Глава одиннадцатая. Храни тебя Тлалок
Поминутно подскакивая на ухабинах и рытвинах, мы медленно ехали в сторону шоссе и высказывали свои гипотезы по поводу преступления. Я вслух прокручивала события годичной давности, пытаясь понять, каким образом ко мне в лодку попали дротики. Я вообще удивлялась, как меня саму никто пока не заподозрил в незаконном хранении запрещенного биологического оружия, и вслух высказала свои соображения по этому поводу:
– Я – русская, значит, сразу на подозрении -это раз. Только я знаю о потайных местах «Флибустьера» – это два. Неужели я до сих пор вне подозрения, господин капитан полиции?
Джон развеселился:
– Детективов начиталась, да? Во-первых, русские в эти американо-мексиканские дела не лезут, себе дороже.

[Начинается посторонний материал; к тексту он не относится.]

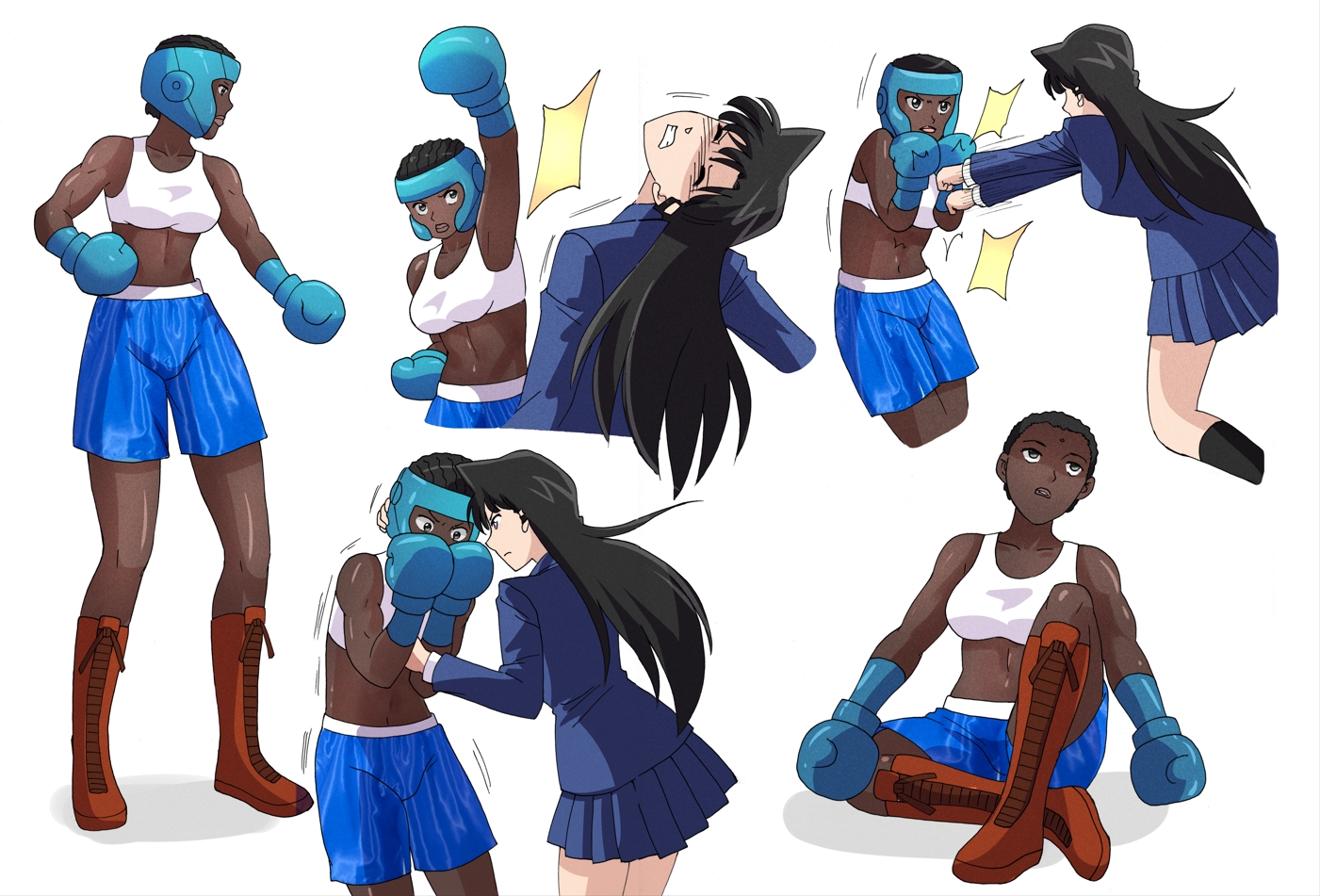 For female boxers, my idea for differentiation is: using African appearance (hope no SJW coming for this) and boxing only as fighting style, no kicking or grappling.

Во-вторых… Впрочем, мне нравится ход твоей мысли…Кто был на «Флибустьере» из малознакомых тебе личностей?
– Хм, – почесала я переносицу, – Ну, репортёры были, я интервью давала для журналов и газет. Так что в принципе интерьер «Флибустьера» видели многие, а я рассказала в интервью о том, как и где я храню столько продуктов и вещей… Дейв в качестве рекламы «ветряк» на него поставил, и мы несколько раз в регате участвовали – от Морро Бэя до Авилы. Ну, конечно, «Флибустьер» получил приз зрительских симпатий, а я получила приз за самую маленькую яхту, участвующую в такого рода гонках. Рекламу «ветряка» до сих пор по телеку крутят, в программах для рыболовов-любителей…
– Да ты – знаменитость, оказывается… – присвистнул Джон
– Ага, в узких кругах. Только это не я, а «Флибустьер». Он у меня фотогеничный…
– Помнишь, кому интервью давала?
– Сережка знает. Он все статьи про «Флибустьера» собирает, ламинирует и на стенку в летней комнате вешает, рядом с картой мира. Говорит, что это у нас «Уголок славы»…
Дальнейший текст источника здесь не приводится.